A microcontroller without built-in hardware circuits, for example at the bit level, can slow down the clock speed by increasing the duration of their low state. As a result, the baud rate of the master device will be determined by the speed of the slower device.

ADDRESSING

Each device connected to the I2C bus has a unique program address at which the master addresses it by sending a specific command. Microcircuits of the same type are characterized by an address selector, implemented either in the form of digital inputs of the selector, or in analog form. Addresses are divided into the address space of the devices connected to the bus.

Normal mode assumes seven-bit addressing. Addressing works as follows: after the «START» command, the master sends the first byte, which determines which slave device is needed to communicate with the master. There is also a common call address that defines all devices on the bus, all devices (theoretically) respond to it with an acknowledgment, but in practice this is rare.

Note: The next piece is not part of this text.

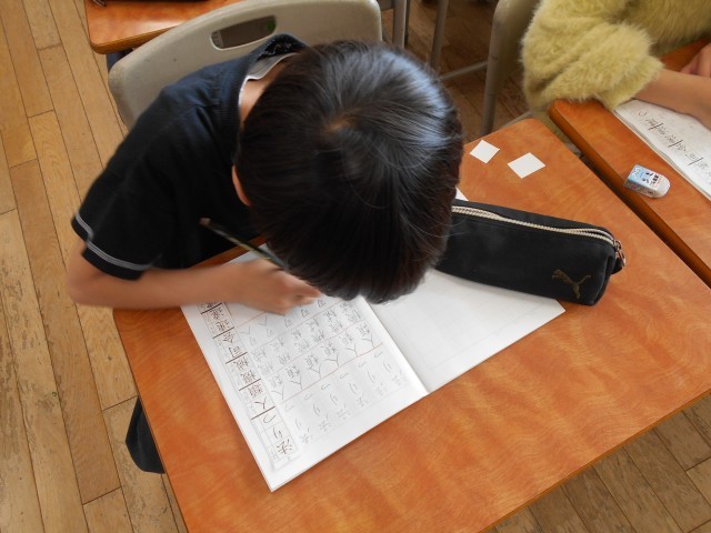 国語科では漢字の練習もしています。子供たちは覚えようと一生懸命に努力していました。

So the first seven bits of the first byte are the slave address. The least significant bit, the eighth, indicates the direction of sending data. If there is a «0», then the information will be written from the master to this slave. If «1», the information will be read by the master from this slave.

After the master finishes sending the address byte, each slave compares its address to it. Anyone with the same address is a slave and is defined as a slave transmitter or slave receiver, depending on the value of the least significant bit of the address byte.

A slave address can include fixed and programmable parts. Quite often a large number of devices of the same type work in one system, then the programmable part of the address allows the use of a maximum of the same type of devices on the bus. How many bits in the address byte are programmable depends on the number of free pins on the chip.

Sometimes a pin with an analog setting of the programmable address range is sufficient, for example the SAA1064 - an LED indicator driver that has exactly such an implementation. The potential of a particular pin determines the offset of the address space of the chip so that chips of the same type do not conflict operating on the same bus. All chips supporting the I2C bus contain a set of addresses that the manufacturer specifies in the documentation.

The combination «11110XX» is reserved for 10-bit addressing. If we imagine the exchange of data from the «START» command to the «STOP» command, it will look like this:

Simple and combined data exchange formats are allowed here. The combined format means that between «START» and «STOP» the master and slave can act as receivers and transmitters, this is useful for example in serial memory management.

Let the first byte of data transfer a memory address. Then, repeating the «START» command and reading the slave address, the memory data will work. Decisions to automatically increment or decrement the previously accessed address are made by the device developer after having previously studied the chip documentation. One way or another, after receiving the START command, all devices must restore their logic and prepare for the fact that the address will now be named.